On the gateway, create /etc/ppp/pppoe-server-options:
debugnoauthlcp-echo-interval 10lcp-echo-failure 2ms-dns 8.8.8.8defaultroutenoipdefault
Start KVM, adding those arguments: -net nic,model=virtio -net tap,ifname=tails.
On the gateway, up this interface:
# ip link set tails up
On the gateway, start the PPPoE server:
# sudo pppoe-server -I tails -F -S test -m 1412
On Tails, you can now right-click the NetworkManager icon, and select Edit connections…. In the DSL tab, click Add. Service name should be set to test. Other settings should not matter.
On Tails, left-click the NetworkManager icon and selection the newly created connection.
To debug, use tcpdump, and look at /var/log/syslog.

2.


Wie kann ich den zweiten Schritt unter Ubuntu das ist ja die Gateway ausführen?

Und muss ich alle Schritte in einer Komandozeile ausführen?

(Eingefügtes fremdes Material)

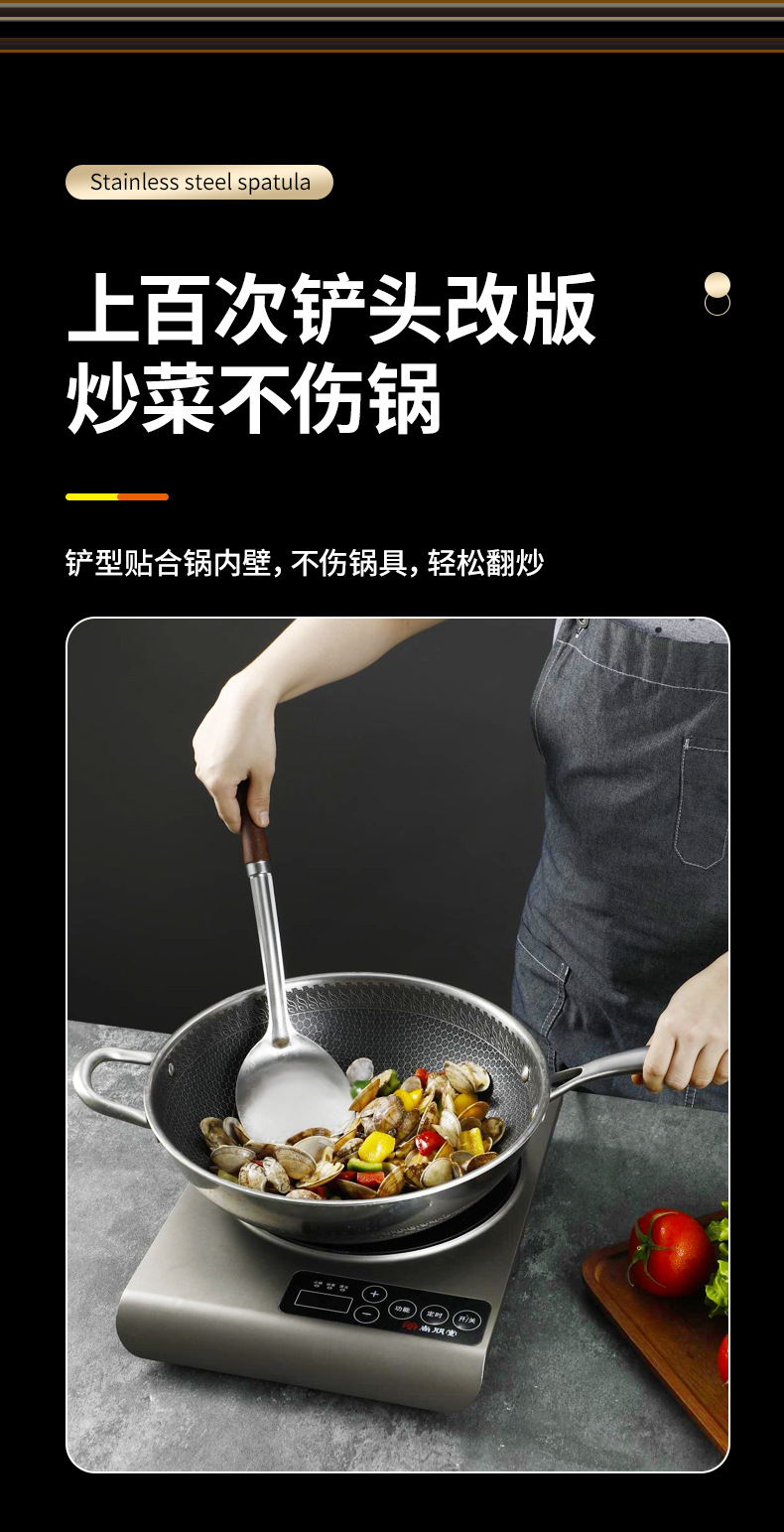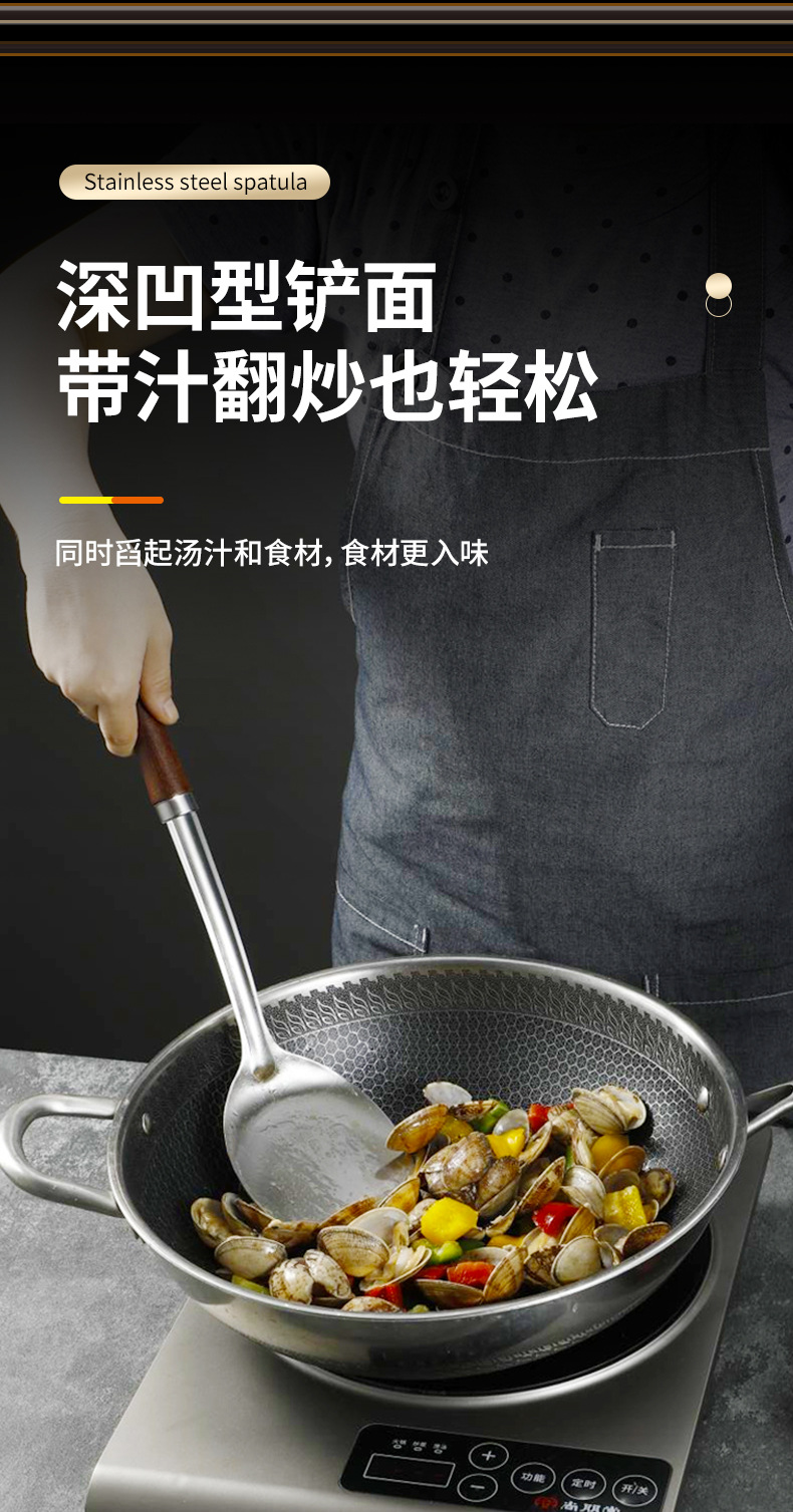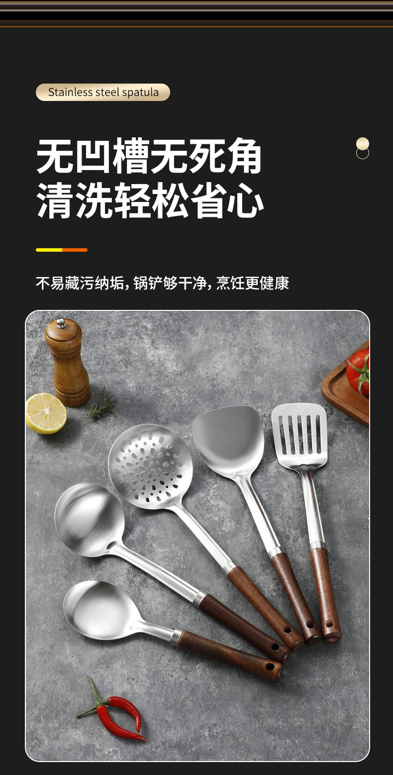 독일 주걱 스테인레스 스틸 두껍게 요리 주걱 죽 숟가락 소쿠리 가정용 주방 프라이팬 스푼 세트 철 주걱

Und ich brauche dafür ja einen 2 Rechner den habe ich leider nicht

Geht das auch mit einem Rechner?
Danke für eure Hilfe


----------



## Jimini (29. Mai 2011)

Was genau möchtest du denn machen? Möchtest du die DSL-Einwahl von einem Ubuntu-System erledigen lassen und diese Verbindung dann freigeben? Wenn ja, geht das auch einfacher.

MfG Jimini


----------



## msimpr (29. Mai 2011)

Nein ich möchte diese Anleitung mal gerne ausprobieren.

Rein interessehalber


----------



## Jimini (29. Mai 2011)

Für mich sieht das auf den ersten Blick so aus, als wollte jemand in einer VM eine PPPoE-Verbindung einrichten, die sich dann aber nur mit der NIC des Hostsystems verbindet. Scheint aber nichts zu sein, was man mal eben mit ein paar Klicks zusammenschustert, da steckt eine gehörige Portion Bastelei drin 

MfG Jimini


----------



## msimpr (29. Mai 2011)

Kannst Du das ganze mal ausprobieren ?


----------



## Jimini (29. Mai 2011)

Dazu müsste ich jetzt erstmal eine KVM einrichten, darauf ein System installieren etc. - das wäre dann doch ein bisschen viel Arbeit für so eine kleine Sache. Worum geht es dir denn konkret? Ich denke schließlich nicht, dass du dir irgendein HowTo rausgepickt und beschlossen hast, das mal auszuprobieren 

MfG Jimini


----------



## msimpr (29. Mai 2011)

Es geht mir darum das ich unter Linux eine PPPOE Verbindung emulieren möchte. Zu Testzwecken und ich habe keine Hadware für PPPOe

Das ist der Grund warum ich gerne das ganze mal testen wollte


----------